* **Data in this exercise**

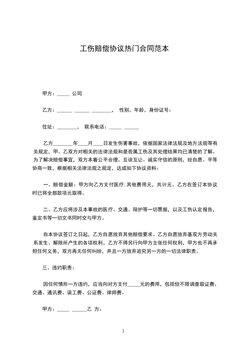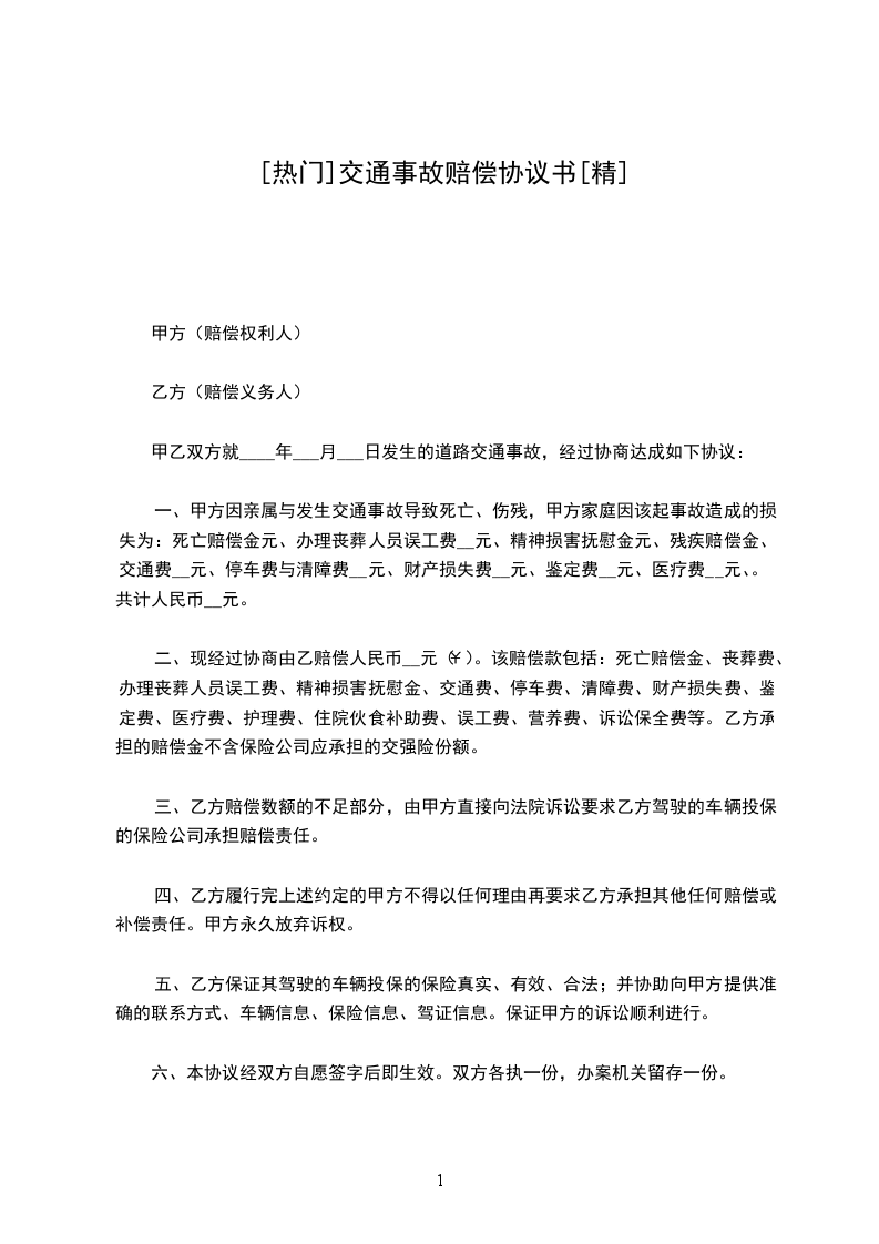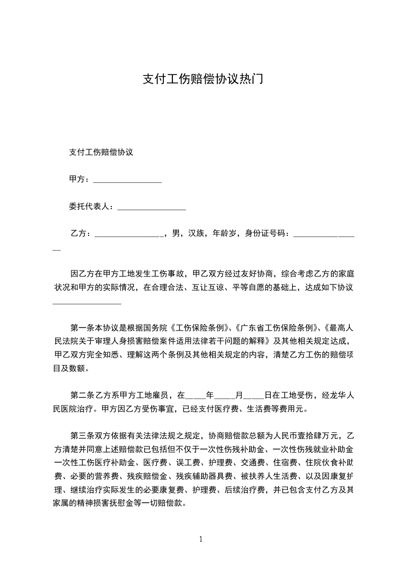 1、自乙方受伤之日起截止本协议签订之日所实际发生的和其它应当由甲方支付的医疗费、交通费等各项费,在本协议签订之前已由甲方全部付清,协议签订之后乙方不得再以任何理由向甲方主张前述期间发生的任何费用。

--

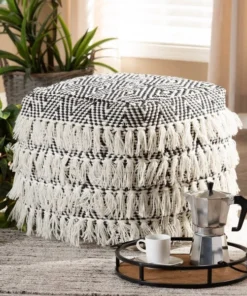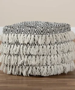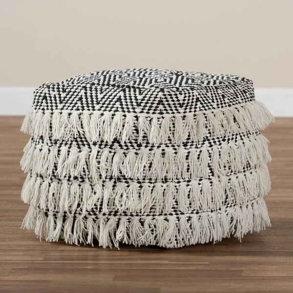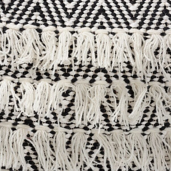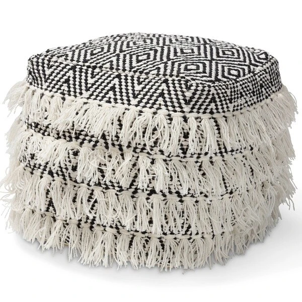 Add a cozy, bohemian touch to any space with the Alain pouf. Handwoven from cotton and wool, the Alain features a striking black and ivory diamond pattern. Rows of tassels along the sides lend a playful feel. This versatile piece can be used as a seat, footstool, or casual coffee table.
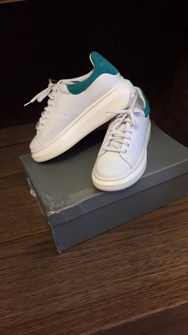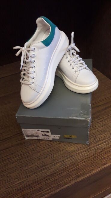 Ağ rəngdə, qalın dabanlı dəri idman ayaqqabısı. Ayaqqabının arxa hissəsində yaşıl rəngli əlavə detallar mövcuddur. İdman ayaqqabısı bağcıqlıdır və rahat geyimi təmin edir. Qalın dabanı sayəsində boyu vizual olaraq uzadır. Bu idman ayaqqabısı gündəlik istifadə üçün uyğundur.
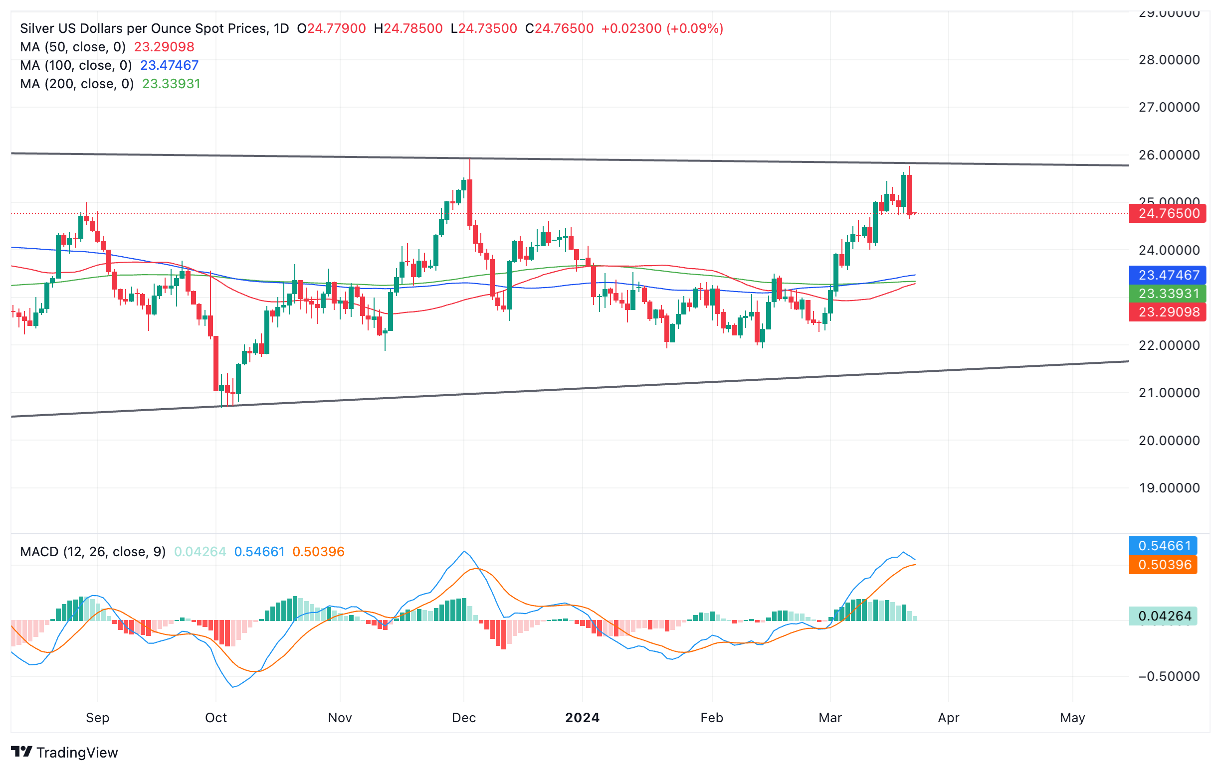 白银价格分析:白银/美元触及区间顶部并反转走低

--

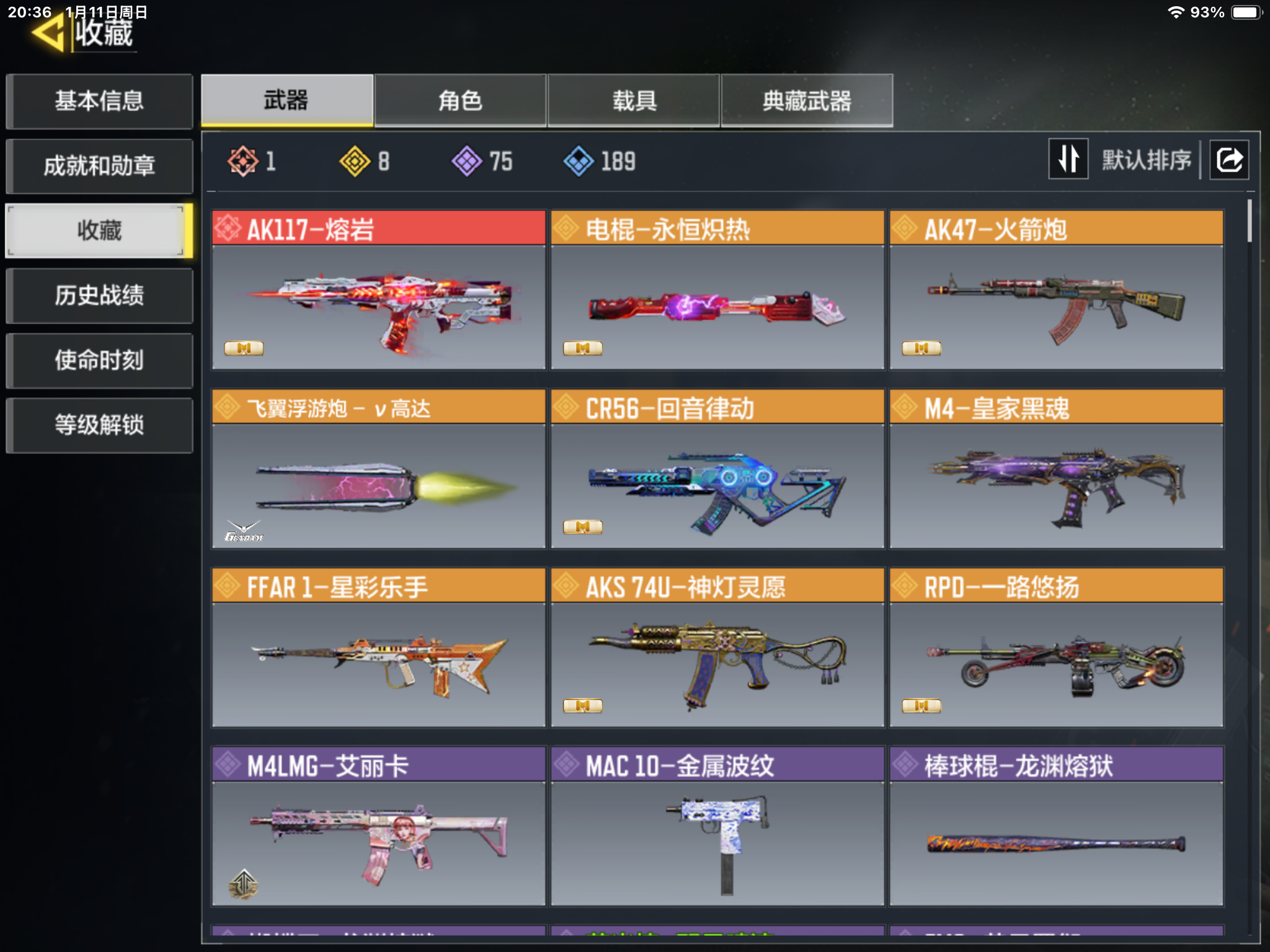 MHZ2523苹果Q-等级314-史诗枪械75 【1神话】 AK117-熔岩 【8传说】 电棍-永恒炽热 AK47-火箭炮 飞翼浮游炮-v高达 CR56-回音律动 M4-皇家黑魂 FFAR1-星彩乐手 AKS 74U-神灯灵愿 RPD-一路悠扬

* **Exercise aim**
In the material above, which lines fall between the one holding "Add a cozy, bohemian" and the one holding "白银价格分析:白银/美元触及区间顶部并反转走低", inclusive? Print exactly those, with the pictures left out.

* **Answer**
 Add a cozy, bohemian touch to any space with the Alain pouf. Handwoven from cotton and wool, the Alain features a striking black and ivory diamond pattern. Rows of tassels along the sides lend a playful feel. This versatile piece can be used as a seat, footstool, or casual coffee table.
 Ağ rəngdə, qalın dabanlı dəri idman ayaqqabısı. Ayaqqabının arxa hissəsində yaşıl rəngli əlavə detallar mövcuddur. İdman ayaqqabısı bağcıqlıdır və rahat geyimi təmin edir. Qalın dabanı sayəsində boyu vizual olaraq uzadır. Bu idman ayaqqabısı gündəlik istifadə üçün uyğundur.
 白银价格分析:白银/美元触及区间顶部并反转走低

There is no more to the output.